Io non sapevo risolvermi ad andar via, e volli almeno riferire
succintamente il caso, e sentire un parere.
— Quando non si vede il malato, — egli disse, — è molto difficile
pronunciarsi. Ma la cura seguìta mi par la migliore. Lei è benissimo
appoggiato.... il dottor Allinori sopratutto è un uomo di polso....
Dissentiamo su alcuni principii fondamentali della scienza, ma nel
resto siamo d'accordo.... In questo caso poi avrei fatto anch'io come
lui.
— Ma adesso? Che farebbe adesso?
— Eh, ritengo che farei l'amputazione.
— Si alzò dalla sedia, mi accompagnò cortesemente fino all'uscio,
rifiutò qualunque compenso per le sue chiacchiere e mi diede la buona
notte.
Di lì a un paio di settimane, forse, se avessi ancora avuto bisogno di
lui, avrebbe potuto venire... Grazie tante.
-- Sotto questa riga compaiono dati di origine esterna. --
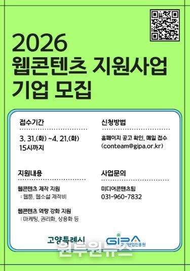 (원투원뉴스) 고양특례시와 고양산업진흥원이 오는 21일까지‘웹콘텐츠 지원사업’ 참여기업을 모집한다.
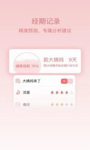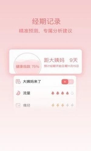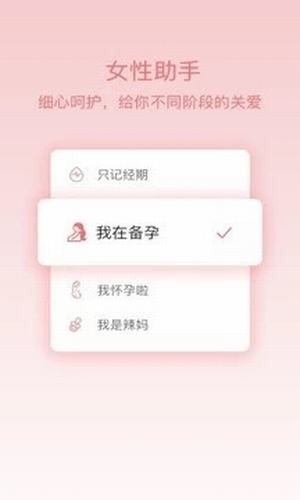 姨妈呵护助手app精准预测,科学记录每一次生理期,越用分析越准确。科学备孕,提供月经期保健、育儿、产后恢复、生活保健等各类专业全面的知识,帮你解决经期、怀孕、备孕、育儿不同阶段的困扰。科学呵护女性成长每一天。

— Bel costrutto ch'io avevo cavato dal mio viaggio a Roma! Ero assente
di casa da quattro giorni e non sapevo nulla di Giovannino. L'Adele,
anche volendo telegrafarmi a Roma, non avrebbe saputo dove dirigermi
il dispaccio, perch'io m'ero dimenticato di dirle ove andavo ad
alloggiare. Le inviai un altro telegramma annunziandole che rinunciavo
per forza al nuovo consulto e che mi rimettevo tosto in cammino per
ripatriare. Mi facesse trovar notizie alla stazione di Firenze.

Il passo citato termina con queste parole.